Go through the data and copy every line exactly, but not the images.

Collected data
------------
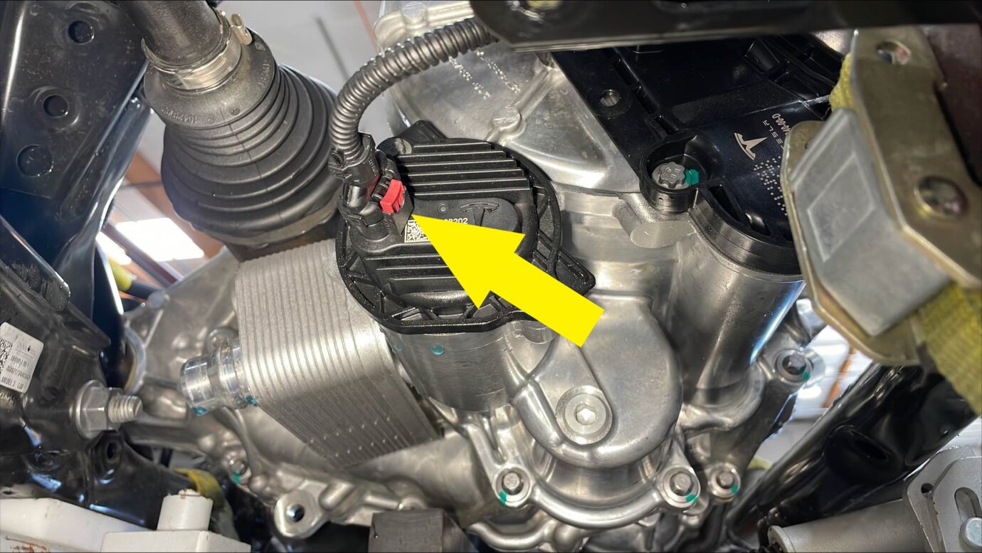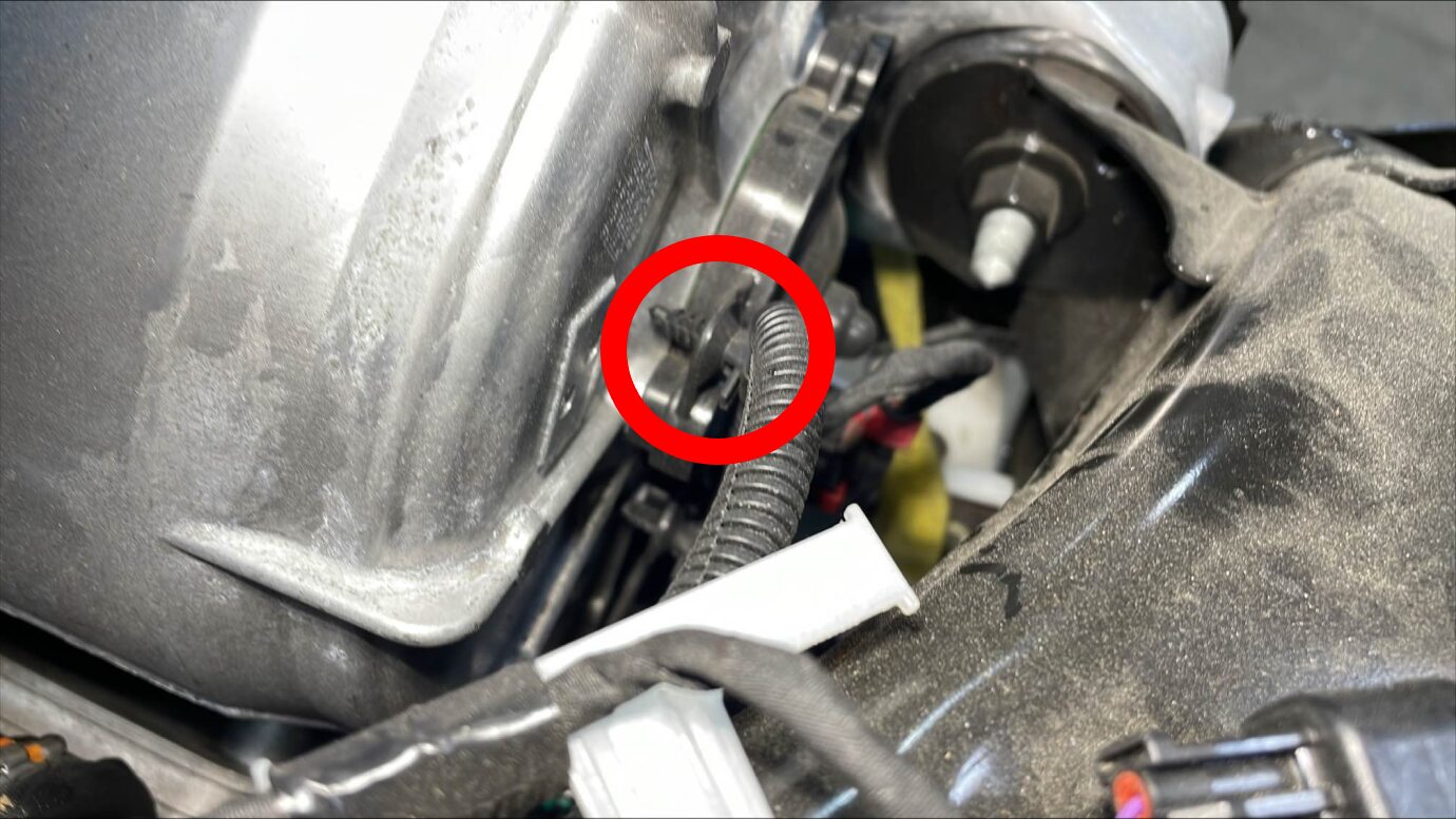 - Release the clip that attaches the rear subframe electrical harness to the rear drive unit inverter.
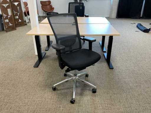 Schiebetür-Kleiderschrank (160x45x76 cm), 2x Bürostuhl und 5 Feldflaschenstühle.
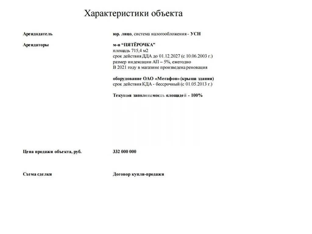 Арендатор: магазин Пятерочка(после реновации), месячная арендная плата 2 407 053 рубля. Договор аренды подписан на 13 лет с 2014 года. Окупаемость 11,5 лет.
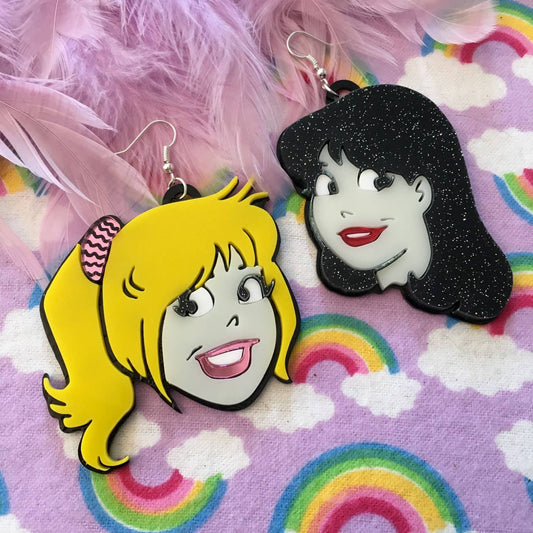 Betty And Veronica Cartoon Earrings, Laser Cut Acrylic, Plastic Jewelry
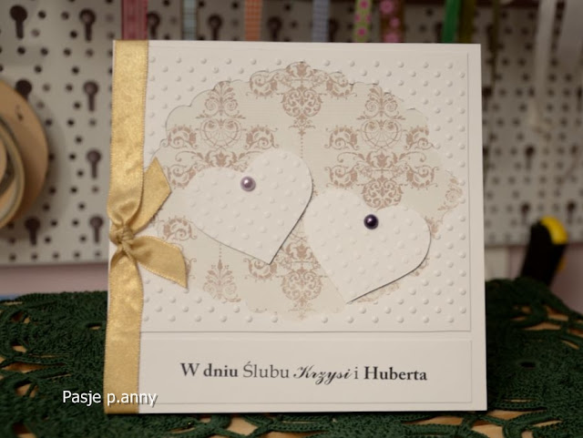 Trochę mnie tu nie było. Nie wiem jak Wam ale mi ciągle brakuje czasu. Najpierw kończyłam projekt zawodowy a potem... sama nie wiem jak czas minął... Jednak nie marnowałam go i trochę nowości stworzyłam. Dzisiaj pokaże moje kartki ślubne. Niby śluby dwa ale zamówień na kartki więcej!
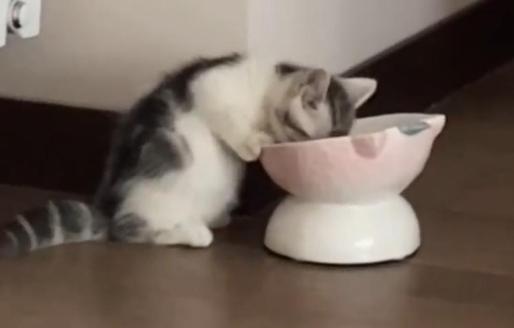 小奶猫太小了,碗太高,吃饭时够不到,它就只能站起来扒着碗吃,这和我吃饭时没有椅子一个姿势。
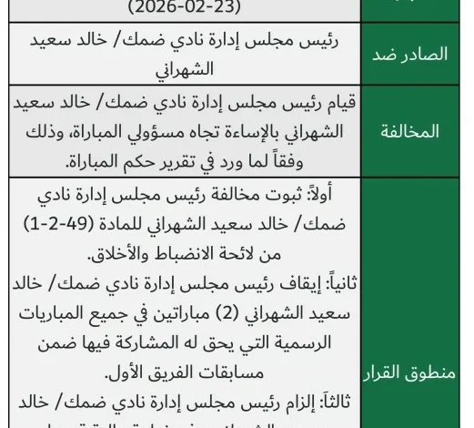 فتحت لجنة الانضباط والأخلاق في الاتحاد السعودي لكرة القدم بابًا واسعًا من الجدل الجماهيري بعد قرارها إيقاف رئيس مجلس إدارة نادي ضمك خالد الشهراني مباراتين رسميتين، عقب ثبوت إساءته لمسؤولي مباراة ضمك والأهلي وفق ما ورد في تقرير حكم اللقاء، وهو قرارٌ أعاد النقاش مجددًا حول معيار العدالة والانضباط في العقوبات، ومدى اتساقها مع حالات مشابهة شهدها الموسم الرياضي الحالي.
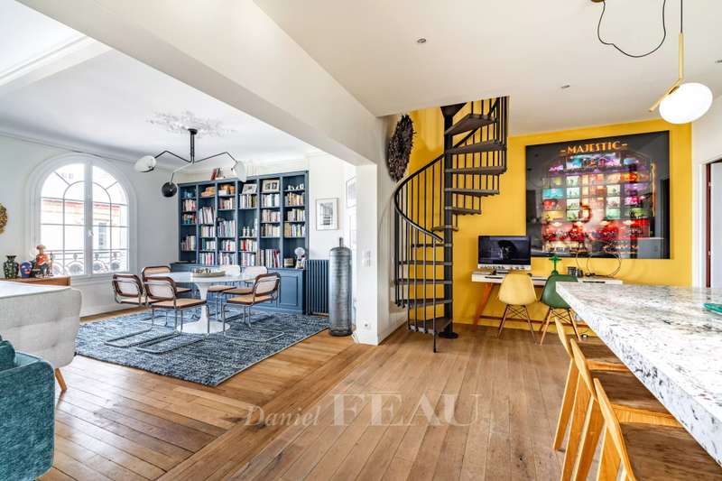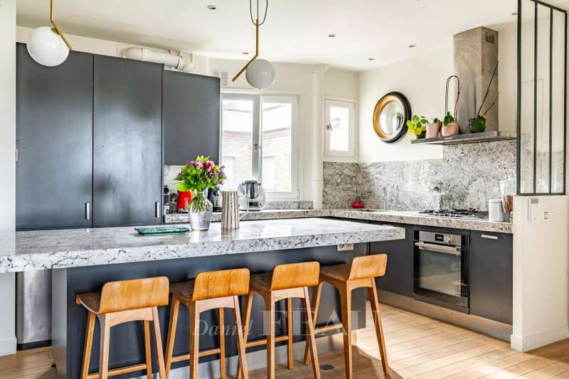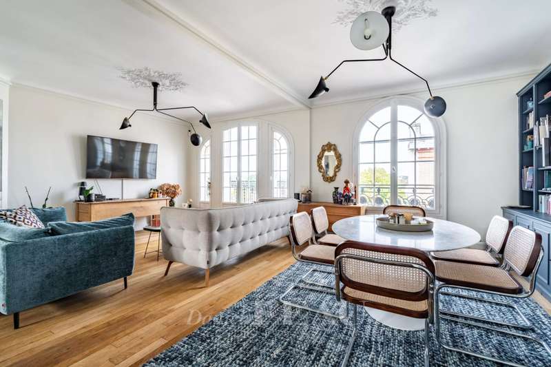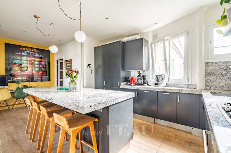 This superb duplex apartment on the 4th and top floor of a fine 1930s co-ownership located under 3 minutes from the station has been renovated throughout and is beautifully appointed. Benefiting from a little balcony, it offers 116 sqm of living space including a bright living/reception room featuring period parquet flooring and mouldings, an open-plan kitchen with a central island, a suite with a shower room, a bedroom with fitted cupboards, and a separate wc. Upstairs are two bedrooms, and a shower room with a wc. Cellar. No work is required, and the co-ownership is in excellent condition. In walking distance of the shops and schools.
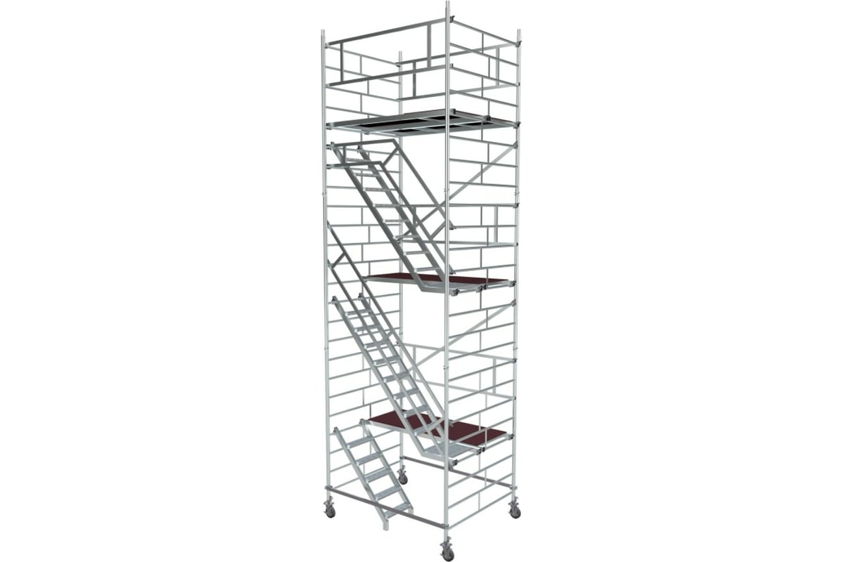 Модульная алюминиевая вышка MEGAL ВМА 1400Л/7 101457 обеспечивает подъем и организацию рабочего места на высоте с использованием лестничных маршей в строительно-монтажных, ремонтных и прочих работах.
------------
◆ **Answer to the exercise**
 - Release the clip that attaches the rear subframe electrical harness to the rear drive unit inverter.
 Schiebetür-Kleiderschrank (160x45x76 cm), 2x Bürostuhl und 5 Feldflaschenstühle.
 Арендатор: магазин Пятерочка(после реновации), месячная арендная плата 2 407 053 рубля. Договор аренды подписан на 13 лет с 2014 года. Окупаемость 11,5 лет.
 Betty And Veronica Cartoon Earrings, Laser Cut Acrylic, Plastic Jewelry
 Trochę mnie tu nie było. Nie wiem jak Wam ale mi ciągle brakuje czasu. Najpierw kończyłam projekt zawodowy a potem... sama nie wiem jak czas minął... Jednak nie marnowałam go i trochę nowości stworzyłam. Dzisiaj pokaże moje kartki ślubne. Niby śluby dwa ale zamówień na kartki więcej!
 小奶猫太小了,碗太高,吃饭时够不到,它就只能站起来扒着碗吃,这和我吃饭时没有椅子一个姿势。
 فتحت لجنة الانضباط والأخلاق في الاتحاد السعودي لكرة القدم بابًا واسعًا من الجدل الجماهيري بعد قرارها إيقاف رئيس مجلس إدارة نادي ضمك خالد الشهراني مباراتين رسميتين، عقب ثبوت إساءته لمسؤولي مباراة ضمك والأهلي وفق ما ورد في تقرير حكم اللقاء، وهو قرارٌ أعاد النقاش مجددًا حول معيار العدالة والانضباط في العقوبات، ومدى اتساقها مع حالات مشابهة شهدها الموسم الرياضي الحالي.
 This superb duplex apartment on the 4th and top floor of a fine 1930s co-ownership located under 3 minutes from the station has been renovated throughout and is beautifully appointed. Benefiting from a little balcony, it offers 116 sqm of living space including a bright living/reception room featuring period parquet flooring and mouldings, an open-plan kitchen with a central island, a suite with a shower room, a bedroom with fitted cupboards, and a separate wc. Upstairs are two bedrooms, and a shower room with a wc. Cellar. No work is required, and the co-ownership is in excellent condition. In walking distance of the shops and schools.
 Модульная алюминиевая вышка MEGAL ВМА 1400Л/7 101457 обеспечивает подъем и организацию рабочего места на высоте с использованием лестничных маршей в строительно-монтажных, ремонтных и прочих работах.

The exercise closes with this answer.